Work instructions>
Below are records to return verbatim; the pictures are to be dropped.

:::

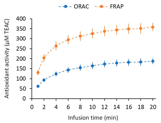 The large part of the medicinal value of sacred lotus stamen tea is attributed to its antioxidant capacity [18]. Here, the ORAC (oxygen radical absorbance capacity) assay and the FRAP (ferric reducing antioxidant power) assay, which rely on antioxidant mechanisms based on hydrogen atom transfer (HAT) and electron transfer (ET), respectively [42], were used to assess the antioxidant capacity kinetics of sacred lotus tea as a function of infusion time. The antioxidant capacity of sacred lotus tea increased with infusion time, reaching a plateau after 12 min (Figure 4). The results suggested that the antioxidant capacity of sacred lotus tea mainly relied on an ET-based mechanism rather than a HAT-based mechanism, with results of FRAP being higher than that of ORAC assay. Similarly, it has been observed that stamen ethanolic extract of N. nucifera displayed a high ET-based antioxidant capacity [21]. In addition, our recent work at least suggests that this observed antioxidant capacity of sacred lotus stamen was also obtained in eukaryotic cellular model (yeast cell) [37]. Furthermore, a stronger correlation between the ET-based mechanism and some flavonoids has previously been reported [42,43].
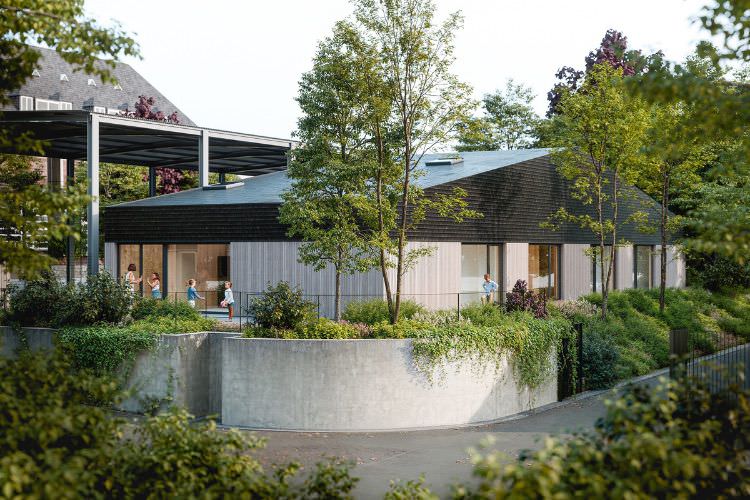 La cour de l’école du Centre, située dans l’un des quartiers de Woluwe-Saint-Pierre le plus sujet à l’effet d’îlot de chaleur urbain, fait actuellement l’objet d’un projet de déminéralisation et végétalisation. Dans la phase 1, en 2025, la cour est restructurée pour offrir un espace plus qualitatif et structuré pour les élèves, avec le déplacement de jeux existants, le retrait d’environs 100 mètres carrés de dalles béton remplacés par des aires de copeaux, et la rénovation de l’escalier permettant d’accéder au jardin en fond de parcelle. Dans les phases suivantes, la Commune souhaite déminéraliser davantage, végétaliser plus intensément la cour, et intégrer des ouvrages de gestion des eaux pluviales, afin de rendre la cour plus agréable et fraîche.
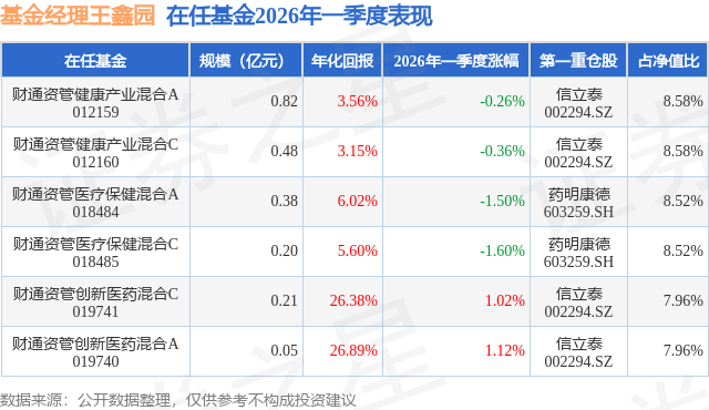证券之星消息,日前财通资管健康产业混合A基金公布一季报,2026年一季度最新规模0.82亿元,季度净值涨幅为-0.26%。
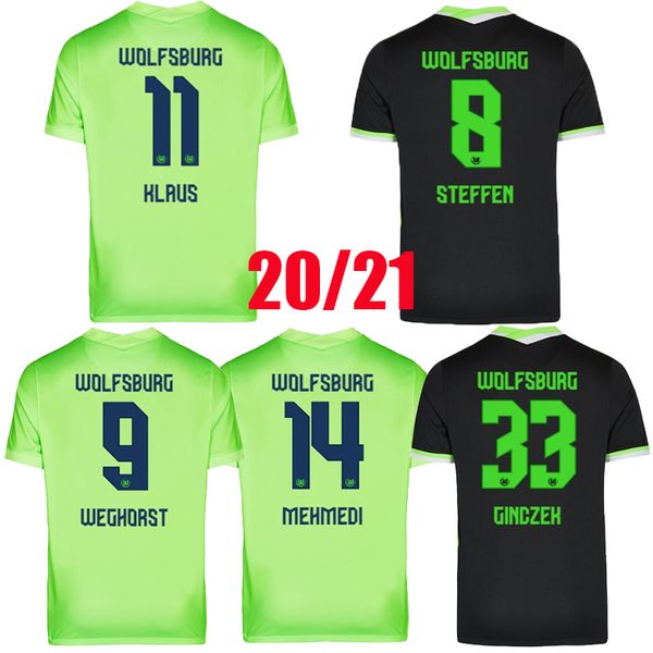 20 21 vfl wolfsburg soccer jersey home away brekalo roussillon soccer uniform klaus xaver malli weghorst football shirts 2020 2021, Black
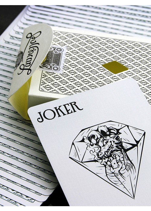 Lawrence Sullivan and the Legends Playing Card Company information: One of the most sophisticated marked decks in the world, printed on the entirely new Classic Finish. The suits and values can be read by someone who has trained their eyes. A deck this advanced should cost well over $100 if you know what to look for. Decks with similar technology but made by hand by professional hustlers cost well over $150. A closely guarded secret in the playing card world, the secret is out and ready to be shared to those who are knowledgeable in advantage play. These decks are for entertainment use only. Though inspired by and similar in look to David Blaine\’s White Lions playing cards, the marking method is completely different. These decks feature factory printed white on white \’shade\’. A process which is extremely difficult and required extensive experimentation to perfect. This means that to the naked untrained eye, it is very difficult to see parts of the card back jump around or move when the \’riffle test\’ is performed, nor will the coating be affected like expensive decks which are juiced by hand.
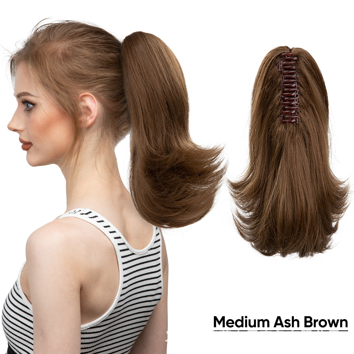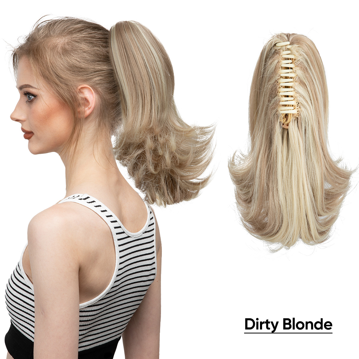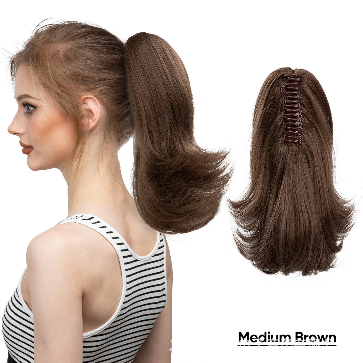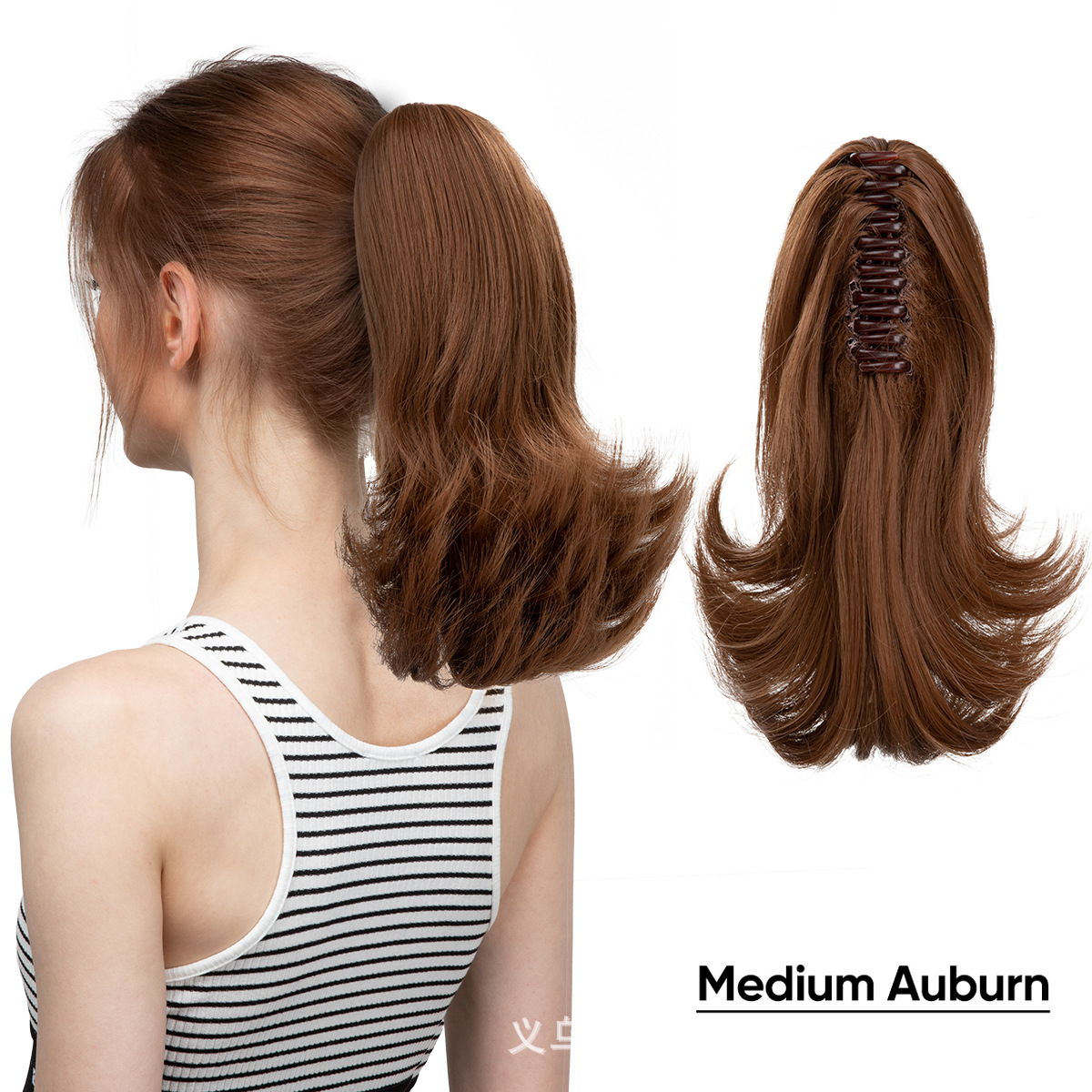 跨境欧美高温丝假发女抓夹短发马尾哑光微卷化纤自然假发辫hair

:::

Answer space>
 The large part of the medicinal value of sacred lotus stamen tea is attributed to its antioxidant capacity [18]. Here, the ORAC (oxygen radical absorbance capacity) assay and the FRAP (ferric reducing antioxidant power) assay, which rely on antioxidant mechanisms based on hydrogen atom transfer (HAT) and electron transfer (ET), respectively [42], were used to assess the antioxidant capacity kinetics of sacred lotus tea as a function of infusion time. The antioxidant capacity of sacred lotus tea increased with infusion time, reaching a plateau after 12 min (Figure 4). The results suggested that the antioxidant capacity of sacred lotus tea mainly relied on an ET-based mechanism rather than a HAT-based mechanism, with results of FRAP being higher than that of ORAC assay. Similarly, it has been observed that stamen ethanolic extract of N. nucifera displayed a high ET-based antioxidant capacity [21]. In addition, our recent work at least suggests that this observed antioxidant capacity of sacred lotus stamen was also obtained in eukaryotic cellular model (yeast cell) [37]. Furthermore, a stronger correlation between the ET-based mechanism and some flavonoids has previously been reported [42,43].
 La cour de l’école du Centre, située dans l’un des quartiers de Woluwe-Saint-Pierre le plus sujet à l’effet d’îlot de chaleur urbain, fait actuellement l’objet d’un projet de déminéralisation et végétalisation. Dans la phase 1, en 2025, la cour est restructurée pour offrir un espace plus qualitatif et structuré pour les élèves, avec le déplacement de jeux existants, le retrait d’environs 100 mètres carrés de dalles béton remplacés par des aires de copeaux, et la rénovation de l’escalier permettant d’accéder au jardin en fond de parcelle. Dans les phases suivantes, la Commune souhaite déminéraliser davantage, végétaliser plus intensément la cour, et intégrer des ouvrages de gestion des eaux pluviales, afin de rendre la cour plus agréable et fraîche.
证券之星消息,日前财通资管健康产业混合A基金公布一季报,2026年一季度最新规模0.82亿元,季度净值涨幅为-0.26%。
 20 21 vfl wolfsburg soccer jersey home away brekalo roussillon soccer uniform klaus xaver malli weghorst football shirts 2020 2021, Black
 Lawrence Sullivan and the Legends Playing Card Company information: One of the most sophisticated marked decks in the world, printed on the entirely new Classic Finish. The suits and values can be read by someone who has trained their eyes. A deck this advanced should cost well over $100 if you know what to look for. Decks with similar technology but made by hand by professional hustlers cost well over $150. A closely guarded secret in the playing card world, the secret is out and ready to be shared to those who are knowledgeable in advantage play. These decks are for entertainment use only. Though inspired by and similar in look to David Blaine\’s White Lions playing cards, the marking method is completely different. These decks feature factory printed white on white \’shade\’. A process which is extremely difficult and required extensive experimentation to perfect. This means that to the naked untrained eye, it is very difficult to see parts of the card back jump around or move when the \’riffle test\’ is performed, nor will the coating be affected like expensive decks which are juiced by hand.
 跨境欧美高温丝假发女抓夹短发马尾哑光微卷化纤自然假发辫hair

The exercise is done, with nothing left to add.